General-use object copy

When using Matlab objects, either a Matlab class (MCOS) or any other (e.g., Java, COM, C# etc.), it is often useful to create a copy of the original object, complete with all internal property values. This enables modification of the new copy without affecting the original object. This is not important for MCOS value-class objects, since value objects use the COW (Copy-on-Write/Update, a.k.a. Lazy Copy) and this is handled automatically by the Matlab interpreter when it detects that a change is made to the copy reference. However, it is very important for handle objects, where modifying any property of the copied object also modifies the original object.

Most OOP languages include some sort of a copy constructor, which enables programmers to duplicate a handle/reference object, internal properties included, such that it becomes entirely separate from the original object. Unfortunately, Matlab did not include such a copy constructor until R2011a (matlab.mixin.Copyable.copy()).

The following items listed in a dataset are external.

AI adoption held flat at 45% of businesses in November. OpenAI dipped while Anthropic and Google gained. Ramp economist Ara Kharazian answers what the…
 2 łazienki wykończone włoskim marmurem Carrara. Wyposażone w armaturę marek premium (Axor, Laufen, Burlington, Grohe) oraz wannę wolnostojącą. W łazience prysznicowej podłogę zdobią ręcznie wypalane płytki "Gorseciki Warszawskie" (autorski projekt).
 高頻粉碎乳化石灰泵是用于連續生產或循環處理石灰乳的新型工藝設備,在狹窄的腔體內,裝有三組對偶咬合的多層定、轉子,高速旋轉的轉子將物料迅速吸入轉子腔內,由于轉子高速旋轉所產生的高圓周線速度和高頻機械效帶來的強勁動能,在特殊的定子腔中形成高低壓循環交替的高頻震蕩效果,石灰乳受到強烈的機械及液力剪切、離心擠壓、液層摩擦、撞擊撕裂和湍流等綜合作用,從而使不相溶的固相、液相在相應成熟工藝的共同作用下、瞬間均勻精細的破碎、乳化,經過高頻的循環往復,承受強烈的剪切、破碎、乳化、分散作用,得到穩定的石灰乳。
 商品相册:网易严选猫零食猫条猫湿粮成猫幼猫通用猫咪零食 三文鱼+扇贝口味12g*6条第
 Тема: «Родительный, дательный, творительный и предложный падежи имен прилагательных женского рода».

On Matlab R2010b and older, as well as on newer releases, we do not have a readily-available solution for handle object copy. Until now, that is.

There are several ways by which we can create such a copy function. We might call the main constructor to create a default object and then override its properties by iterating over the original object’s properties. This might work in some cases, but not if there is no default constructor for the object, or if there are side-effects to object property modifications. If we wanted to implement a deep (rather than shallow) copy, we’d need to recursively iterate over all the properties of the internal objects as well.

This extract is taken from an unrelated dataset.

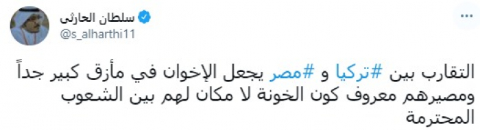وكتب في تغريدة عبر "تويتر" رصدها "المشهد العربي": "التقارب بين تركيا ومصر يجعل الإخوان في مأزق كبير جداً ومصيرهم معروف كون الخونة لا مكان لهم بين الشعوب المحترمة".
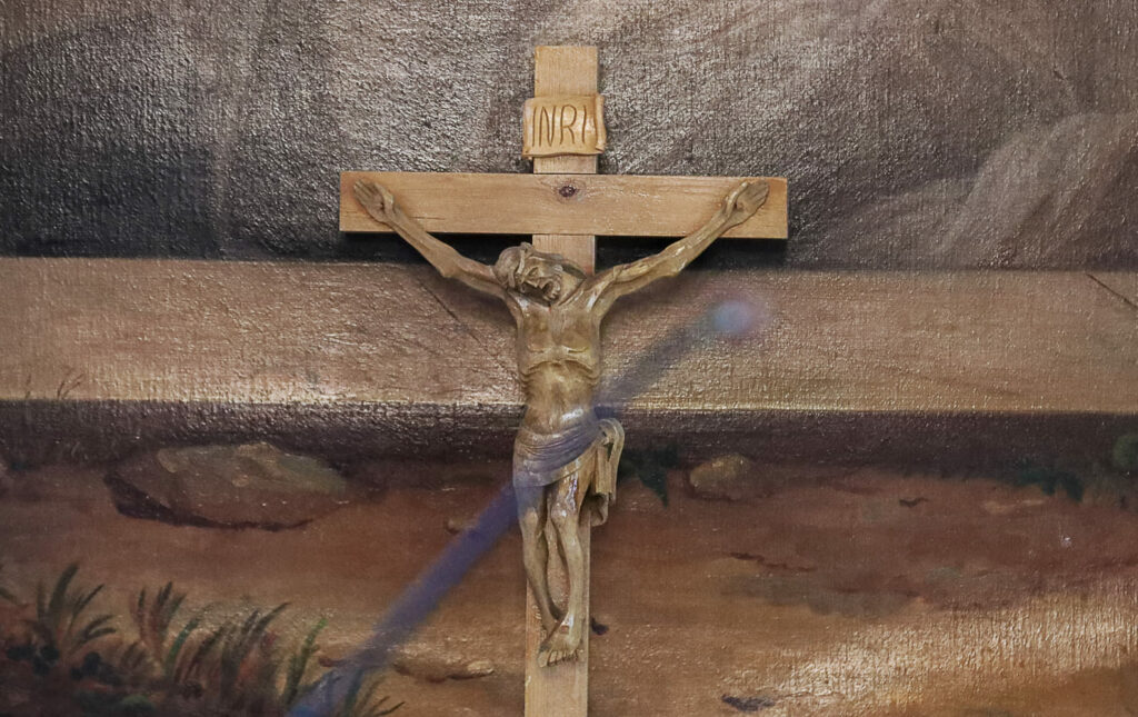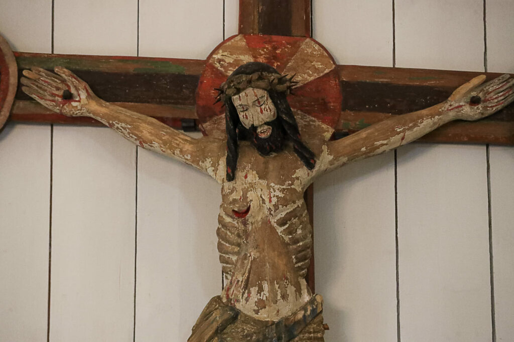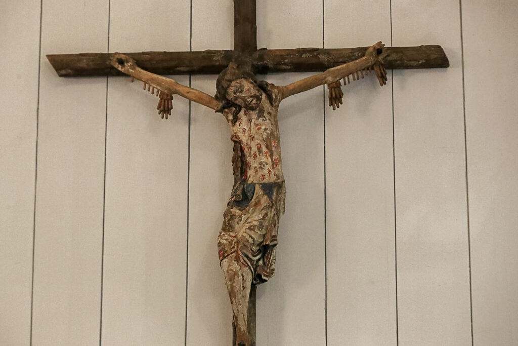 Marttilan kirkon vanhin veistos, 1340-luvun krusifiksi, on ripustettu kirkkosalin oikeanpuoleiselle seinälle, saarnastuolin lähelle. Metrin korkuinen puuveistos on yksityiskohdiltaan vaikuttavan näköinen. Ristiinnaulitulle on saatu tuskainen ilme kasvoilleen.

A simpler solution might be to save the object to a temporary file (tempname, then load from that file (which creates a copy), and finally delete the temp file. This is nice and clean, but the extra I/O could be relatively slow compared to in-memory processing.

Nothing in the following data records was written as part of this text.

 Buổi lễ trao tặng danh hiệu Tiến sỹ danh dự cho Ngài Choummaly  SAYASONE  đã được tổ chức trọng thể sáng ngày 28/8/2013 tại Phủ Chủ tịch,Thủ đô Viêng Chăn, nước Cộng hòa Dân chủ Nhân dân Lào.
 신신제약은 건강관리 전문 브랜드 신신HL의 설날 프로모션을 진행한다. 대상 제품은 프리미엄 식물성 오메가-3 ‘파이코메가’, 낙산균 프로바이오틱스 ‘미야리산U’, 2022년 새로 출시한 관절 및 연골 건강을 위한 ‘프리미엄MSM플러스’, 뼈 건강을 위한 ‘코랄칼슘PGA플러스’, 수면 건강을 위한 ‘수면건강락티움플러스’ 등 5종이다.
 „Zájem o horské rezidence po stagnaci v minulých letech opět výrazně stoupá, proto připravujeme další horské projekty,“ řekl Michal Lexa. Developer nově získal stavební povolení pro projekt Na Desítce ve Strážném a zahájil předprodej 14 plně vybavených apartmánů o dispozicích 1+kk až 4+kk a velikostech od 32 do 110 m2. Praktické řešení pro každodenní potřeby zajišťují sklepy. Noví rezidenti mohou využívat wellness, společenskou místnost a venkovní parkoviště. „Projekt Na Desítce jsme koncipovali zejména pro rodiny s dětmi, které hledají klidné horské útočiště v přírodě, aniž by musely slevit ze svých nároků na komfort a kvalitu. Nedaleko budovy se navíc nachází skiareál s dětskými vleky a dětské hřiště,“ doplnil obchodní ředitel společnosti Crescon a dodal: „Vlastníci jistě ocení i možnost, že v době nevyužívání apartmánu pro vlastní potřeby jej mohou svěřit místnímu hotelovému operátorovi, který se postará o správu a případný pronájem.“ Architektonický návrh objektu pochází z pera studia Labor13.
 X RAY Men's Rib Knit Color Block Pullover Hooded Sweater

Which leads us to today’s chosen solution, where we use Matlab’s builtin functions getByteStreamFromArray and getArrayFromByteStream, which I discussed last year as a way to easily serialize and deserialize Matlab data of any type. Specifically, getArrayFromByteStream has the side-effect of creating a duplicate of the serialized data, which is perfect for our needs here (note that these pair of function are only available on R2010b or newer; on R2010a or older we can still serialize via a temp file):

% Copy function - replacement for matlab.mixin.Copyable.copy() to create object copies
function newObj = copy(obj)
        % R2010b or newer - directly in memory (faster)
        objByteArray = getByteStreamFromArray(obj);
        newObj = getArrayFromByteStream(objByteArray);
        % R2010a or earlier - serialize via temp file (slower)
        fname = [tempname '.mat'];
        save(fname, 'obj');
        newObj = load(fname);
        newObj = newObj.obj;

This function can be placed anywhere on the Matlab path and will work on all recent Matlab releases (including R2010b and older), any type of Matlab data (including value or handle objects, UDD objects, structs, arrays etc.), as well as external objects (Java, C#, COM). In short, it works on anything that can be assigned to a Matlab variable:

obj1 = ... % anything really!
obj2 = obj1.copy();  % alternative #1
obj2 = copy(obj1);   % alternative #2

Alternative #1 may look “nicer” to a computer scientist, but alternative #2 is preferable because it also handles the case of non-object data (e.g., [] or ‘abc’ or magic(5) or a struct or cell array), whereas alternative #1 would error in such cases.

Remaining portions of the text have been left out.